Key numbers in the draft as presented by Olsen include a FY2025–26 allocation estimate of $392,195 in Community Development Block Grant (CDBG) funds and $633,154 in HOME funds. Five‑year estimates in the draft show just under $2.5 million in CDBG and a little over $3 million in HOME, which Olsen described as planning estimates based on prior years and not final allocations: “We don't know our allocations until Congress sets the federal budget each year.”
Olsen said HUD allowed the city to rebudget a balance of previously uncommitted prior‑year CDBG funds totaling $478,303 for the FY2025–26 budget. He described the larger set of prior‑year balances shown in red in the draft as committed to ongoing projects and therefore removed from the current year’s budget columns to avoid double counting.

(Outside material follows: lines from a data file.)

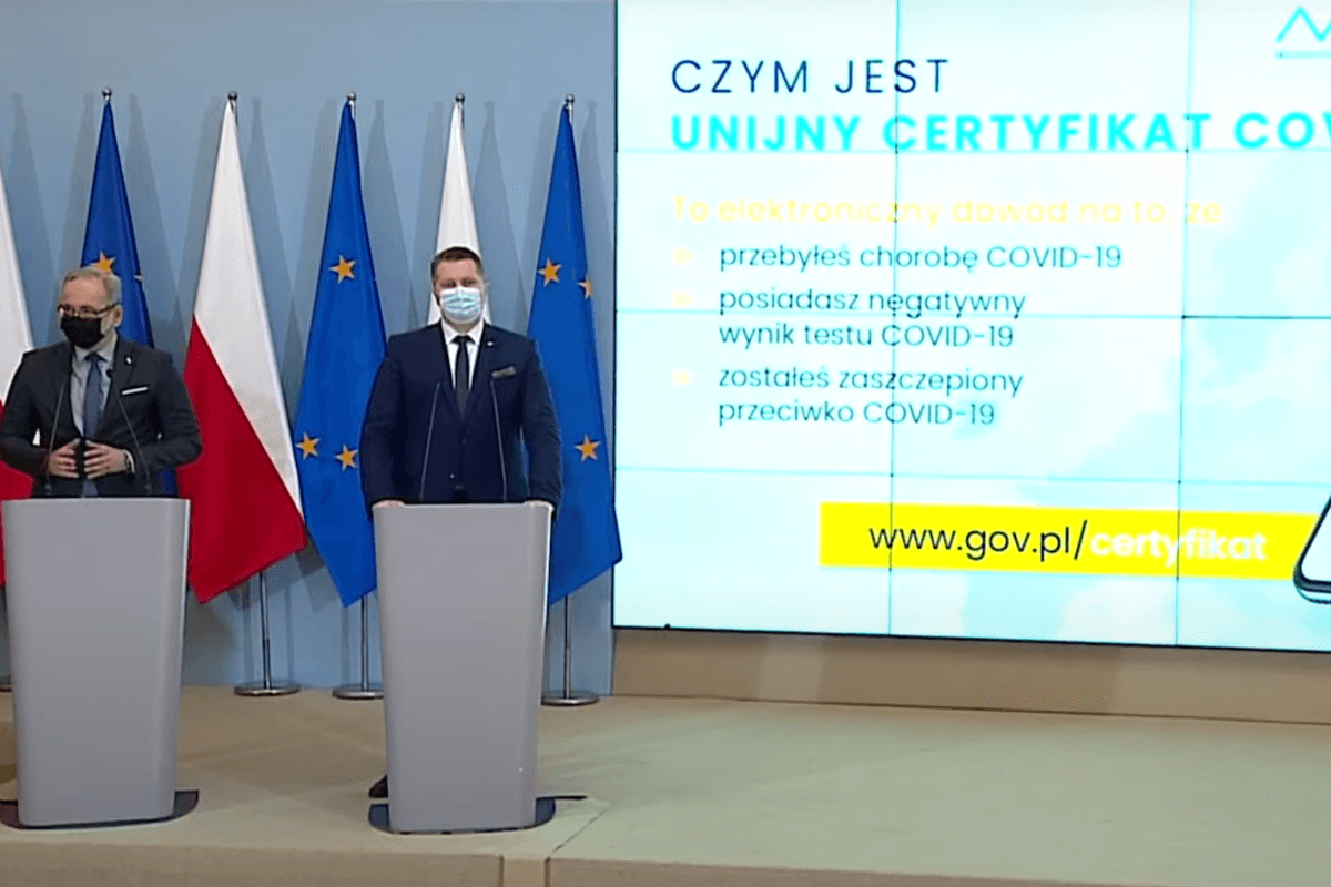 „Polska znalazła się wśród grupy siedmiu krajów, które od dzisiaj mają możliwość wydawać certyfikaty elektroniczne zgodne ze wszystkimi standardami. Można go pobrać z konta pacjenta w postaci elektronicznej, czyli kodu QR, albo dokumentu PDF, zawierającego te same informacje co kod QR” – poinformował Adam Niedzielski, minister zdrowia.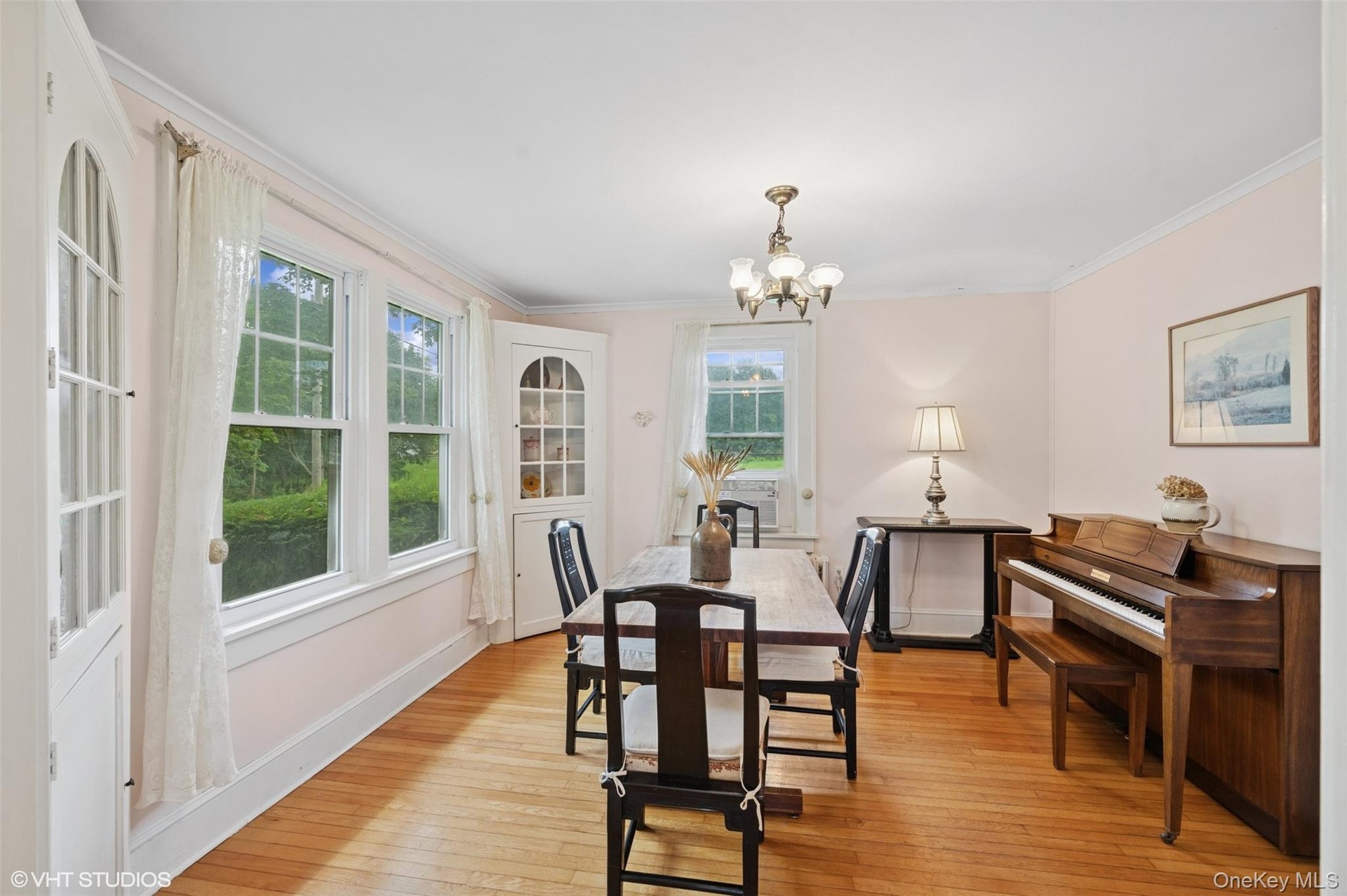- Dining room with a chandelier, ornamental molding, plenty of natural light, and light wood finished floors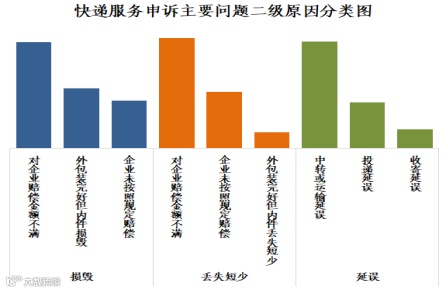 快件损毁申诉中主要占比是对企业赔偿金额不满,快件丢失短少申诉中主要占比是对企业赔偿金额不满,快件延误申诉中主要占比是中转或运输延误。

The draft ties dollars to the plan’s priority goals. For FY2025–26 the draft budgets include: invest in affordable housing — $85,000 in CDBG and $470,154 in HOME; support households in need — $228,195 in CDBG and $100,000 in HOME; encourage community and economic development — $478,302.86 (this line is primarily the rebudgeted rollover). Project‑level FY2025–26 amounts cited in the presentation include $5,000 for property acquisition/demolition/new construction, $35,000 for code enforcement, $58,000 for public services, $128,000 for housing rehabilitation, approximately $43,000 for housing program delivery (activity‑specific staffing), $378,302.86 for public infrastructure, and $100,000 for economic development. HOME program line items shown include $63,000 for planning and administration, $150,000 for community housing development organization (CHDO) support (organizations historically named in the plan include Habitat for Humanity of Champaign County and First Followers), and $100,000 for tenant‑based rental assistance.
Olsen reminded the commission that CDBG funds are restricted to activities within Urbana’s municipal boundaries, while HOME funds are disbursed through the Urbana Home Consortium (Urbana, the City of Champaign and unincorporated parts of Champaign County) and are eligible for use across that consortium area. He also noted the draft includes a map showing the city’s HUD program target areas and that the consortium geography can be viewed in HUD’s CPD maps tool.
Commissioners asked clarifying questions during the presentation. One commissioner asked whether accessory dwelling units (ADUs) were funded in the draft; Olsen said the plan’s market analysis references smaller housing types as a potential option but “We haven't dedicated any funds specifically to that activity.” Another commissioner pressed for a clearer distinction between surplus and unexpended prior‑year funds; Olsen agreed and said the HUD direction should simplify accomplishment tracking by keeping draws tied to their initial action plan years.
The revised draft was published for public comment from Aug. 6 through Sept. 4, 2025; staff said written comments will be accepted until Sept. 4 at 5 p.m., and the final draft incorporating comments will be submitted to HUD after that period. Olsen said because the draft remains in that comment stage the revisions do not require a formal amendment or a vote at this meeting.
The city plans to publish a draft Consolidated Annual Performance and Evaluation Report (CAPER) for the prior fiscal year in September and to hold a public hearing on the CAPER at the commission’s regular meeting that month.